Hakkımda

Fotoğrafım
Bursa, Türkiye
1974 yılında Bursa’da doğdum. Lise öğrenimimi Bursa Erkek Lisesi’nde tamamladım. 1998 yılında Uludağ Üniversitesi İşletme Bölümü’nden mezun oldum. Aynı yıl Uludağ Üniversitesi Sosyal Bilimler Enstitüsü’nde İşletme Yüksek Lisans programına; 1999 yılında Uludağ Üniversitesi İşletme Bölümü Üretim Yönetimi - Pazarlama Anabilim Dalı’nda asistan olarak göreve başladım. 2001 yılında “Kişisel Bilgisayar Üretiminde Tedarik zinciri Yönetimi” isimli tezi ile master, 2008 itibariyle de “Entegre Lojistik Yönetiminde Karar Destek Sistemleri” isimli tez ile doktora derecesi aldım. Tedarik zinciri yönetimi, askeri stratejilerin işletme stratejilerine uyarlanması, üretim pazarlama arayüzü ve KOBİ’ler ile ilgili konularda yurt içi ve yurt dışı tebliğlerim bulunmaktadır.

24 Temmuz 2010 Cumartesi

Manifesto - III. Bölüm : HARP

III. Bölüm

HARP

Dünya bize bir armağan. Yaşamak saadetlerin en büyüğü. Tadını çıkartalım. Elimizdekilerle mutlu olalım. Kardeşçe yaşayalım. Paylaşalım. Affedip bağışlayalım, kin gütmeyelim.

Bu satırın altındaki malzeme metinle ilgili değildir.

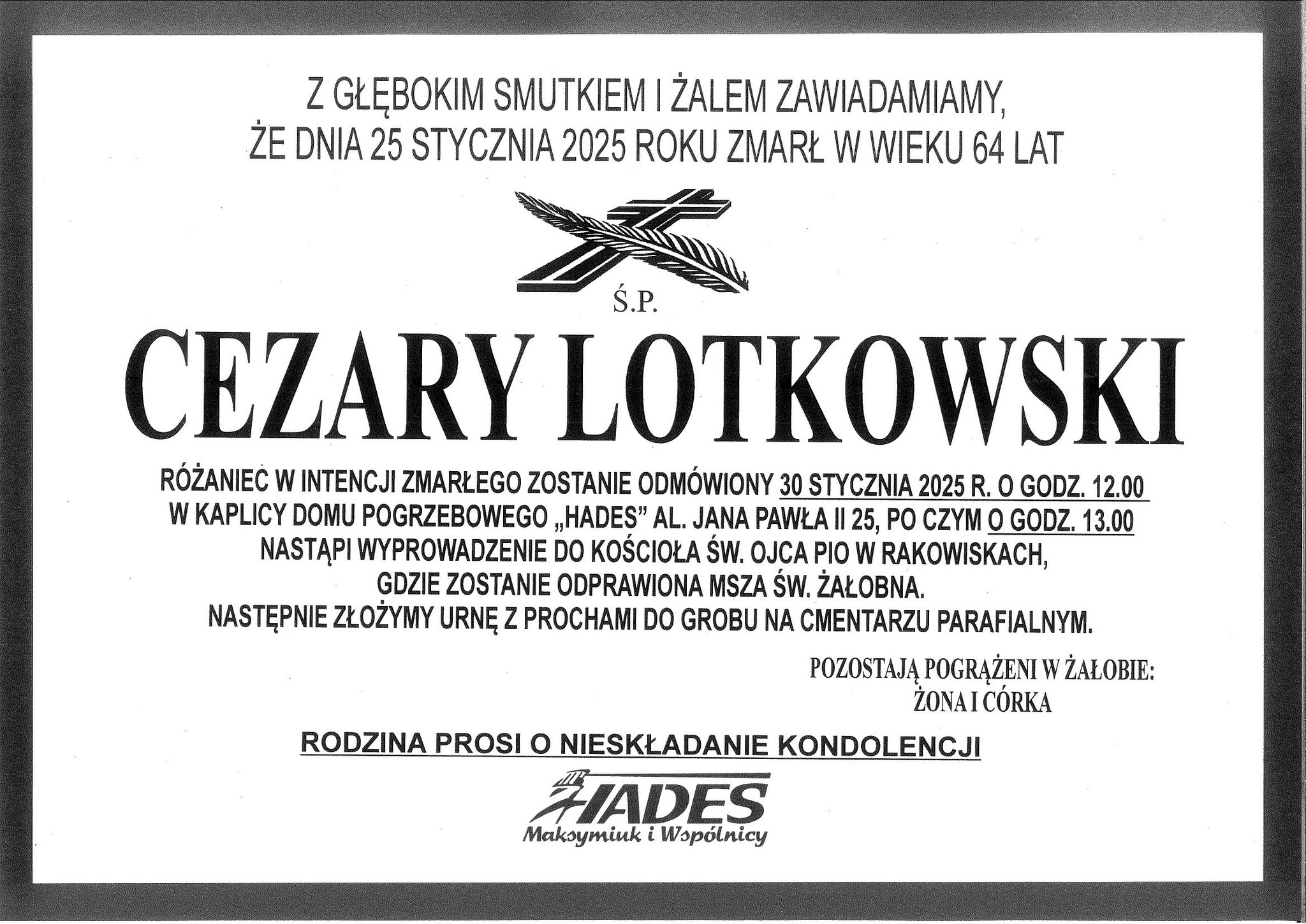 O uroczystościach pogrzebowych informują koledzy z Pogotowia Ratunkowego z Białej Podlaskiej. O godz. 12.00 w kaplicy Domu Pogrzebowego “Hades” w Białej Podlaskiej rozpocznie się różaniec w intencji Zmarłego. O godz. 13.00 - wyprowadzenie do kościoła Św. Ojca Pio w Rakowiskach k. Białej Podlaskiej, gdzie będzie sprawowana Msza św. Po niej urna z prochami zostanie złożona na cmentarzu parafialnym w Białej Podlaskiej.

Alâ. Bunlara inanmaya devam edebilirsiniz. Lakin bunlar cennetten betimlemeler. Sabah uyanıp odanızın penceresinden baktığınızda gördüğünüz dünya ile alakası yok. İnsanın doğasındaki aç gözlülük, riya ve doyumsuzlukla savaşıp kendini kandıran insanın elindeki son yemeği bile, kendi ile barışık, varolan düzene uymuş adam tarafından kapılır ve bu adam “günün adamı” olarak övgü görür. Siz ise boş mideniz ile kala kalır ve çevrenizden “uyanık ol” tavsiyeleri ile ödüllendirilirsiniz.

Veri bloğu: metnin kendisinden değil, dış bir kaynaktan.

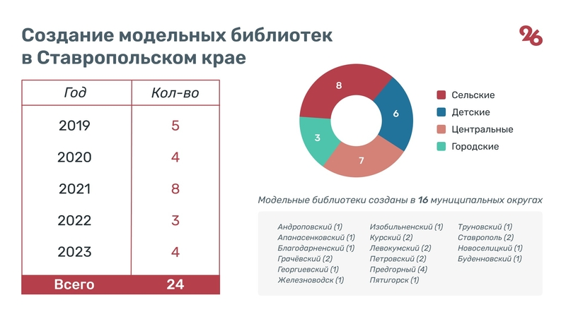 Сейчас на Ставрополье работают 24 модельные библиотеки в 21 населённом пункте. Этой осенью открыли ещё три подобных учреждения.

Özü kaybetmek insanın doğasındadır. Kendi yarattığı kavramların pençesinde acınacak hale bürünür. Ahlak, onur ve haysiyet gibi kavramlarla bir çerçeve çizilir ve tanıdık herkes bu çerçevenin içine sokulur. En haysiyetsiz adam bile onu sevenler tarafından onurlu, ahlaklı kabul edilir. Öyleyse ahlaklı, onurlu veya doğru insan olabilmek nedir?

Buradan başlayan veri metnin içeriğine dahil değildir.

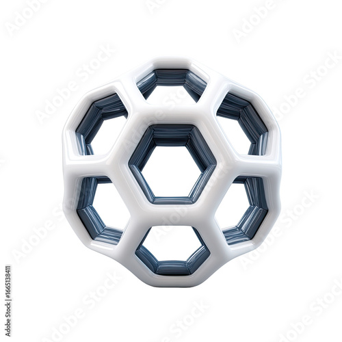 Fototapeta premium Abstract white, geometric 3D orb with layered hexagonal structure, isolated...

Pek çok insan doğruları tek kabul eder. Tek bir doğru tek bir neden ve tek bir sonuç vardır. Oysa bu budalalıktır. Her insan için tek doğru varsa insan sayısı kadar doğru vardır. Buna benzer şekilde ahlak, onur ve iyi niyet herkes tarafından farklı tanımlamalara farklı çerçevelere sahiptir. Deli gibi çalışıp birikimlerinizle evinize doldurduğunuz güzelim eşyalarınız, özel insanlara özel zamanlar için verdiğiniz armağanlar, mücevherler kıymetli şeyler bir hırsız tarafından çalındığında, emeklerinizi sömüren bu kişinin bunu neden yaptığını, hangi amaçla hareket ettiğini sorgulamaz düşünmezsiniz. Oysa hırsızlar prensi Robin Hood’u beyaz perdede seyrettiğinizde içinizde bir çoşku yükselir. Fırsat verilse sizde aynısını yaparmışsınız gibi gelir. Oysa Robin’in evinize giren hırsızdan bir farkı yoktur. O da hırsızdır o da. Ama siz bakış açınızı değiştirmiş, doğru bildiklerinizi yepyeni bir perspektiften görmüşsünüzdür. Şu anda bile Robin Hood’a haksızlık ettiğimi, onun bir hırsız olmayıp kahraman olduğunu düşünenleriniz mutlaka vardır. Bu sizin perspektifinizdir. Görmek istediğinizdir lakin bu gerçek değildir.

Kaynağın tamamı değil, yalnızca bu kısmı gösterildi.